Music whilst drowning is an exciting new anthology of German Expressionist poems, many of them newly translated. The editors David Miller and Stephen Watts, rather than drawing on existing compilations, have followed their ‘own concerns and emphases in the final choice of both text and translation’ (p.117). This slim volume succeeds in giving a concise yet representative overview of those highly gestural explorations of urban life and looming catastrophe. It is richly interspersed with examples of Expressionist graphic work, thus illuminating the symbiosis of creative writing and the making of images in the work of individual figures such as Beckmann, Kandinsky, Barlach, Schwitters or Schiele, and the fruitful personal and professional relationships between poets and visual artists overall.

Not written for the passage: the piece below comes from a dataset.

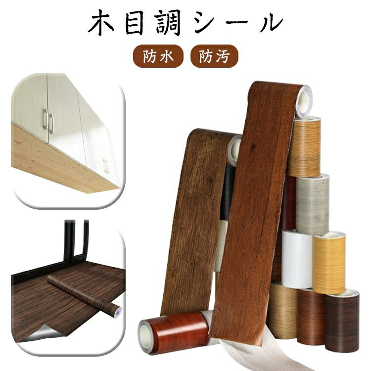 木目 木目調シール テープ 強い粘着力 貼るだけ 木目調テープ 木口テープ フローリング 防水 防カビ DIY 家具修理テープ 巾木 ウォールナット トイレ リメイクシート 防水 防油 防汚 家具の 補修テープ 床 窓枠 ドア枠 木目 リビング 玄関
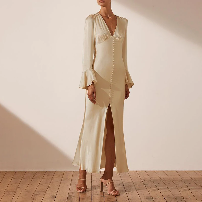 Celmia атласное шелковое платье-макси с расклешенными рукавами, осе...

The other anthology, Voices of German Expressionism, has been republished with some changes to the selection of texts and artists it contains (to include among others, Wassily Kandinsky) almost 30 years after it was first edited by Victor H. Miesel. The re-edited version kept to the threefold purposes that motivated the original compilation: to provide a ‘conveniently concise overview’ of key documents of German Expressionism; to sample the creative writing of major artists, who were either associated with this disparate ‘movement’; and to encourage future compilations which might be more ambitious and challenging in scope towards conventional(ised) perceptions of Expressionism, and in view of contemporary societal phenomena, attitudes and debates. However, already Miesel’s concept of Expressionism appears to be too broad. Notwithstanding the vivid debates among contemporaries of the early 20th century about the term, concept(s) and movement that Expressionism was supposed to embody, the editor has included a number of artists whose style would be more appropriately described as ‘expressive’ rather then Expressionistic, as in the case of social realists Käthe Kollwitz, Heinrich Vogeler, or the November Group including Walter Gropius. Although this admittedly abbreviated selection of artists’ voices reveals much of the atmosphere of this period of political uncertainty, social upheaval and existential survival, it seems a pity that, ‘in order to save space’ (and presumably to include more samples and / or a broader range of writing) the volume does not contain any illustrations. The lack of images becomes painfully obvious where works are referred to directly as, for instance, in the examples of Kirchner’s writing. The functionalist formula ‘less is more’ applies here unreservedly.
Taken together, these two anthologies provide a good source material on German Expressionism for the English speaking reader, suitable to stimulate a further interest in this very fruitful period of art in Germany, and to illuminate a specific cultural dimension and link in Beckmann’s œuvre.